(Dataset excerpt Opens)

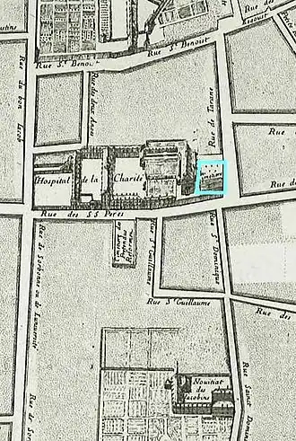 De 1604 à 1609, le cimetière Saint-Germain est alors de nouveau utilisé pour y enterrer des pestiférés protestants, avant d'être attribué à l’hôpital de la Charité.
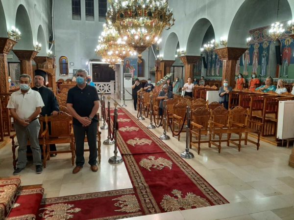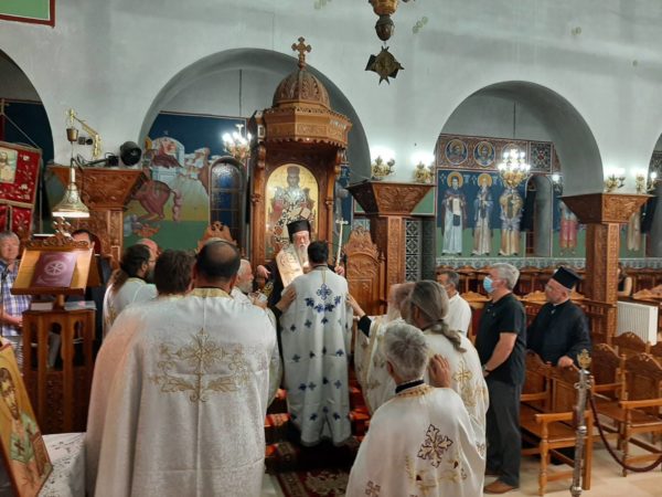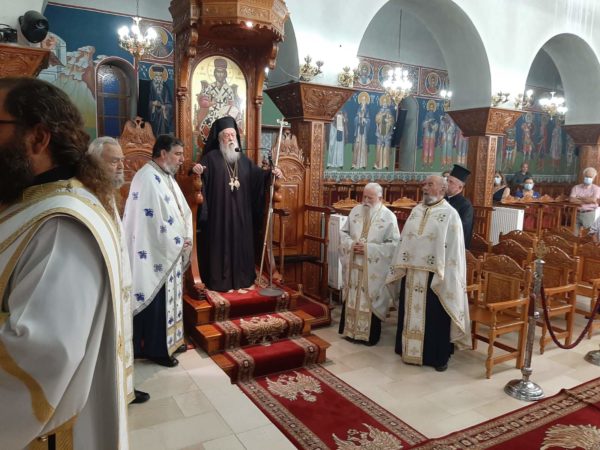 Μετά το πέρας της Θείας Λειτουργίας, ο Σεβασμιώτατος δέχθηκε ευχές από τις αρχές του τόπου, κληρικούς και πιστούς.
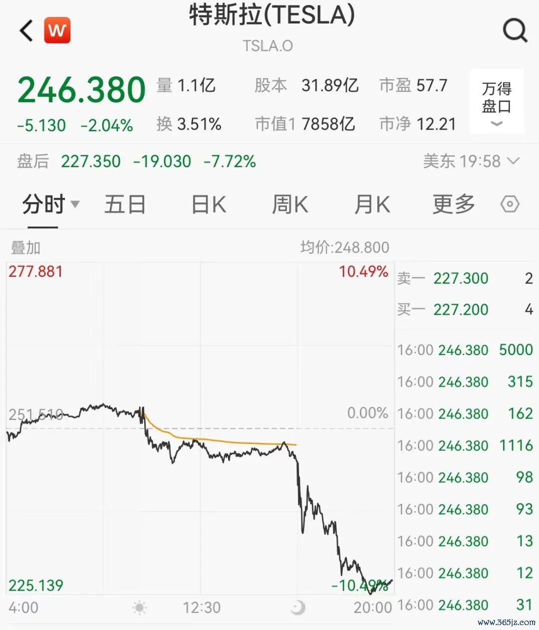 受业绩等因素影响,美东时间7月23日特斯拉股价下跌2.04%,报246.38美元/股,盘后一度大跌超8%,截至发稿,跌7.72%。
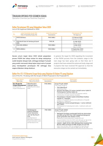 Tata Kelola Perusahaan yang BaikGood Corporate GovernanceTanggung Jawab Sosial PerusahaanCorporate Social ResponsibilityLaporan Keuangan KonsolidasianConsolidated Financial ReportPT Pertamina Hulu Energi2020 Laporan Tahunan TerintegrasiIntegrated Annual Report 181TINJAUAN OPERASI PER SEGMEN USAHA Operation Overview per Business SegmentIn general, the target for 2020 regarding the movement of the PUDW process from the initiation stage to the next stage has been going well, so that there are 9 projects that have entered the advanced study stage and 4 projects that have received FID approval so that the execution stage can be carried out immediately.No Judul Feasibility Study (FS)Title of Feasibility Study (FS)Anak PerusahaanSubsidiariesPersetujuan FIDFID Approval1 POFD B3 Bravo PHE ONWJ 13 Februari 2020February 13, 20202 POD North East Air Serdang & Guruh (OK)PHE OK 01 Mei 2020May 01, 20203 POD UXA (ONWJ) PHE ONWJ 14 Mei 2020May 14, 20204 PAPA (ONWJ) PHE ONWJ 18 September 2020September 18, 2020Daftar Persetujuan FID yang Didapatkan Tahun 2020List of FID Approval Obtained in 2020Secara umum target tahun 2020 terkait pergerakan proses PUDW dari tahap inisiasi ke tahap selanjutnya sudah berjalan dengan baik, sehingga terdapat 9 proyek yang sudah memasuki tahap kajian lanjut serta 4 proyek yang mendapatkan persetujuan FID sehingga bisa segera dilakukan tahap eksekusi. Daftar Pre-FS / FS Beserta Scope Kerja yang Diajukan Di Dalam FS yang DiajukanList of Pre-FS / FS along with the Scope of Work Proposed in the Proposed FSTugas UtamaMain DutyJudul Pre FS/FSTitle of Pre FS/FSAnak PerusahaanSubsidiariesKeteranganDescriptionPre-FS dan FS Project DevelopmentPre-FS and FS Project DevelopmentWaterflood B-3 Lapangan BravoWaterflood B-3, Bravo FieldPHE ONWJ Scope Proyek adalah:The Project Scope is:%u2022 Pilot Waterflood;Waterflood Pilot;%u2022 Konversi dua belas (12) sumur menjadi sumur injeksi & Pembangunan fasilitas injeksi air;Conversion of twelve (12) wells into injection wells & Construction of water injection facilities;%u2022 Penambahan 5 Pipeline injeksi & Modifikasi fasilitas topside di 7 anjungan;Addition of 5 pipeline injection & modification of topside facilities on 7 platforms;%u2022 Pengeboran 4 sumur pengembangan, 1 sumur sidetrackdan 2 KUPL.Development of 4 development wells, 1 sidetrack wells and 2 KUPL.Pembangunan Platform Relokasi Power Generation Jack Up Rig Hysy & LisaDevelopment of Relocation Platform of Power Generation Jack Up Rig Hysy & LisaPHE OSES Scope Proyek adalah:The Project Scope is:%u2022 Mengganti peralatan pembangkit listrik dan akomodasi dari jack up rig HYSY dan LISA menjadi pembangunan power generation dan relokasi 4 GTG;Replacing of power generation equipment and accommodation from the HYSY and LISA jack up rigs to the 4 GTG power generation and relocation development;%u2022 Catatan : Sejak Q4 Nov 2020 dikatagorilam investasi Non BD dan OSES membuat PS NBD dengan PIC OP PHE.Note: Since Q4 Nov 2020 the categories of Non BD and OSES investment have made PS NBD with PIC OP PHE.

(Dataset excerpt Closes)

An exact copy is needed of the lines from the start of the listing through the line with "受业绩等因素影响,美东时间7", both end lines included and pictures excluded.

 De 1604 à 1609, le cimetière Saint-Germain est alors de nouveau utilisé pour y enterrer des pestiférés protestants, avant d'être attribué à l’hôpital de la Charité.
 Μετά το πέρας της Θείας Λειτουργίας, ο Σεβασμιώτατος δέχθηκε ευχές από τις αρχές του τόπου, κληρικούς και πιστούς.
 受业绩等因素影响,美东时间7月23日特斯拉股价下跌2.04%,报246.38美元/股,盘后一度大跌超8%,截至发稿,跌7.72%。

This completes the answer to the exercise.